** Data provided **
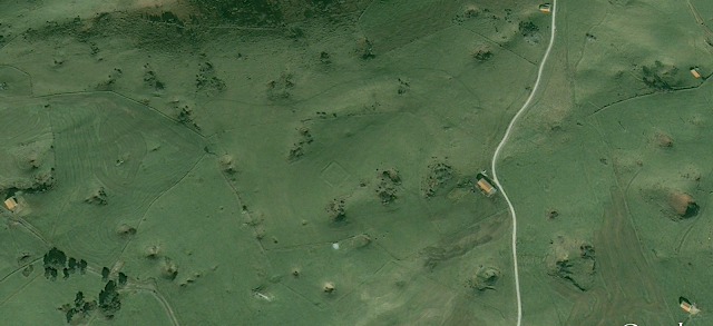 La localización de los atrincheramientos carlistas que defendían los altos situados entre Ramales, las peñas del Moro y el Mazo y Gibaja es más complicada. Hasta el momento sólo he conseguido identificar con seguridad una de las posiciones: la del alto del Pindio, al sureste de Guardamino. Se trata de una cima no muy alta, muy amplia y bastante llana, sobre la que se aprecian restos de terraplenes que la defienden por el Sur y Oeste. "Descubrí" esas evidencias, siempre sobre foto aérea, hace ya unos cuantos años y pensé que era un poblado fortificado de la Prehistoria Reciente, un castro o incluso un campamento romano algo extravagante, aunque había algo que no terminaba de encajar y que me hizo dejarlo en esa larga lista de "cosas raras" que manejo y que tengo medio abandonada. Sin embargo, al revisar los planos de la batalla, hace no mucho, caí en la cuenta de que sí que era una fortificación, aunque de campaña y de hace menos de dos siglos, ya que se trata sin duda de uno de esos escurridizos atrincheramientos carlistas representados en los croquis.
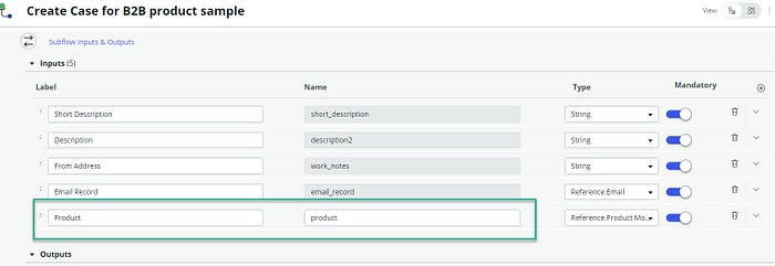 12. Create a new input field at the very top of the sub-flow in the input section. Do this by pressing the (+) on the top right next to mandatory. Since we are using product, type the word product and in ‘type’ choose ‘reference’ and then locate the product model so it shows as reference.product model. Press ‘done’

---

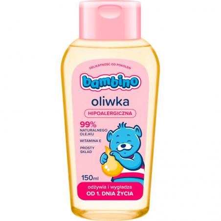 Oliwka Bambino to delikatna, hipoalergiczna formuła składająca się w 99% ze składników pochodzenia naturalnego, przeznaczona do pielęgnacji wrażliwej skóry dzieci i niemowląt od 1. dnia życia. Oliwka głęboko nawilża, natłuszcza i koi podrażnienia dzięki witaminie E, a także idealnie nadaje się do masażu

** What is expected **
What do the entries above read from the line containing "La localización de" through the line containing "12. Create a"? Output those lines exactly, both ends included, with the pictures left out.

** Reply to the exercise **
 La localización de los atrincheramientos carlistas que defendían los altos situados entre Ramales, las peñas del Moro y el Mazo y Gibaja es más complicada. Hasta el momento sólo he conseguido identificar con seguridad una de las posiciones: la del alto del Pindio, al sureste de Guardamino. Se trata de una cima no muy alta, muy amplia y bastante llana, sobre la que se aprecian restos de terraplenes que la defienden por el Sur y Oeste. "Descubrí" esas evidencias, siempre sobre foto aérea, hace ya unos cuantos años y pensé que era un poblado fortificado de la Prehistoria Reciente, un castro o incluso un campamento romano algo extravagante, aunque había algo que no terminaba de encajar y que me hizo dejarlo en esa larga lista de "cosas raras" que manejo y que tengo medio abandonada. Sin embargo, al revisar los planos de la batalla, hace no mucho, caí en la cuenta de que sí que era una fortificación, aunque de campaña y de hace menos de dos siglos, ya que se trata sin duda de uno de esos escurridizos atrincheramientos carlistas representados en los croquis.
 12. Create a new input field at the very top of the sub-flow in the input section. Do this by pressing the (+) on the top right next to mandatory. Since we are using product, type the word product and in ‘type’ choose ‘reference’ and then locate the product model so it shows as reference.product model. Press ‘done’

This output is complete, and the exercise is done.